THE PROBLEM: These records contain pictures, which must be left out; copy exactly the lines from the one with "Lichtpaal 1100 cilindrisch, met" up to and including the one with "推開大門即見寬敞的客廳,玄關".

RECORD EXTRACTS:
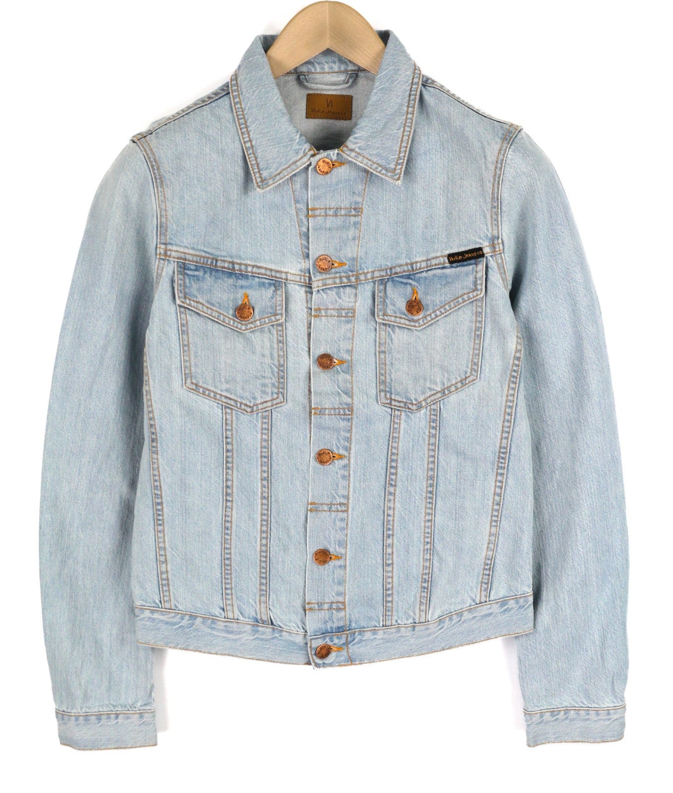 NUDIE JEANS Perry Men's S Organic Saltwater Shades Polo Button Blue Denim
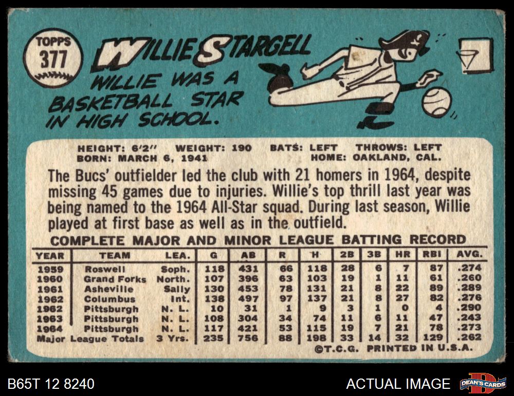 1965 Topps #377 Willie Stargell 2 - GOOD
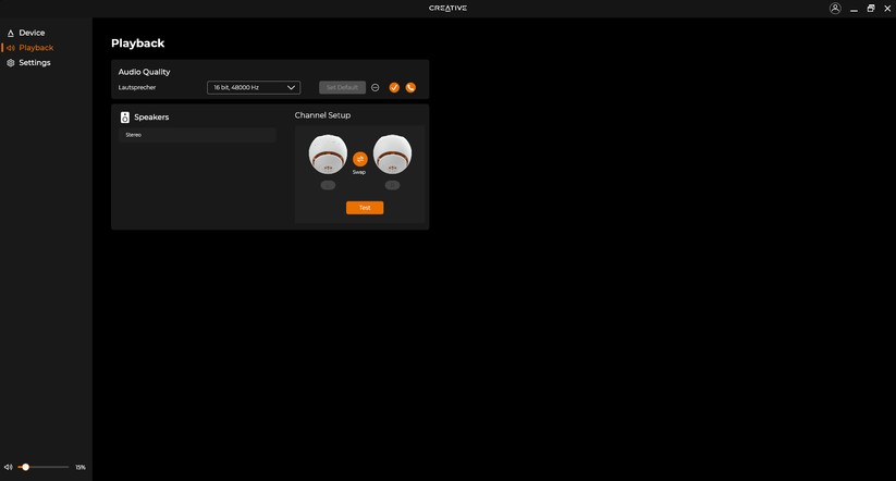 Praktisch: Über das Playback-Menü richtet man den linken und rechten Lautsprecher unabhängig von deren physischer Position auf dem Schreibtisch ein. In unserem Fall mussten wir den Hauptlautsprecher auf die linke Seite stellen, weil sonst die Kabel nicht bis hin zur Steckerleiste gereicht hätten. Dieser ist standardmäßig jedoch der rechte Lautsprecher. Dank der Software weisen wir ihm unkompliziert mit einem Klick die linke Position zu.
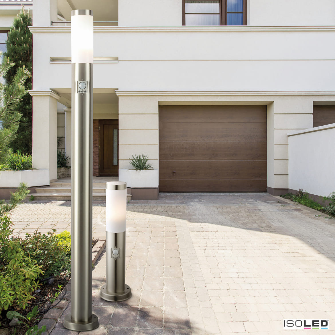 Lichtpaal 1100 cilindrisch, met sensor, schakelbaar E27 IP44, rvs
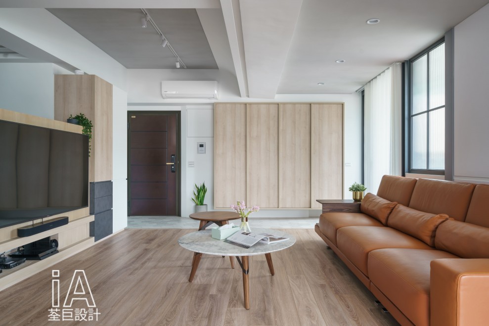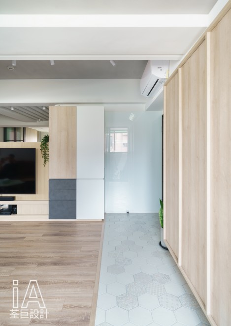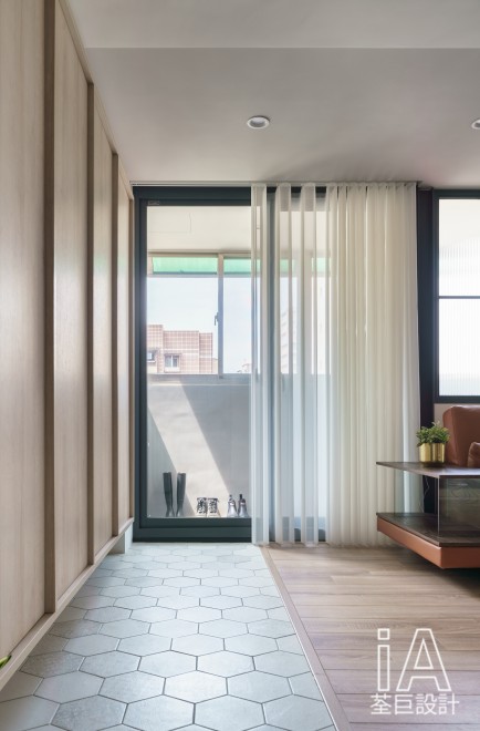 推開大門即見寬敞的客廳,玄關左側以整排的懸吊式櫃體作為入門收納區;地面六角花磚到直向鋪設的木地板界定了場域。
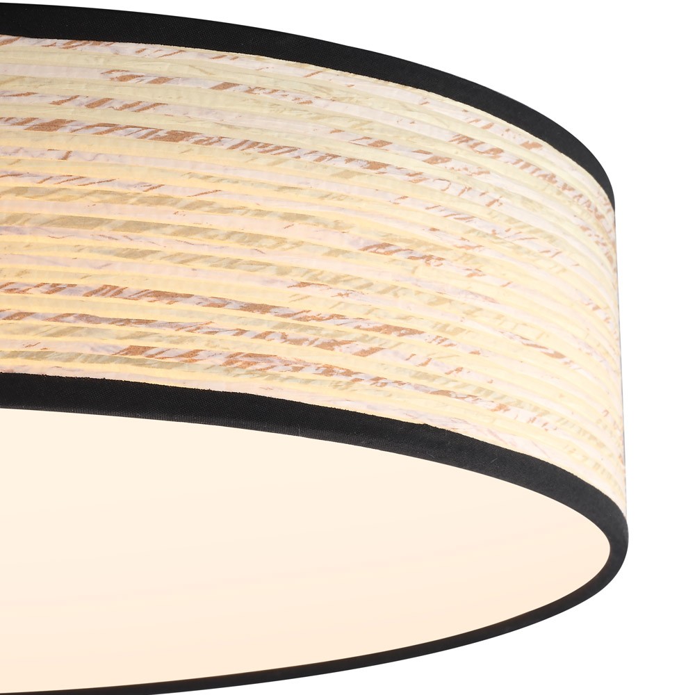 Plafón de techo LED con tres temperaturas de color*. Plafón de techo boho chic para la iluminación de salones y dormitorios. Diseño circular de 60 centímetros de diámetro con pantalla de fibras naturales efecto corteza clara. Su iluminación LED integrada se proyecta de manera difusa aportando una luz óptima en la estancia.

TASK RESPONSE:
 Lichtpaal 1100 cilindrisch, met sensor, schakelbaar E27 IP44, rvs
 推開大門即見寬敞的客廳,玄關左側以整排的懸吊式櫃體作為入門收納區;地面六角花磚到直向鋪設的木地板界定了場域。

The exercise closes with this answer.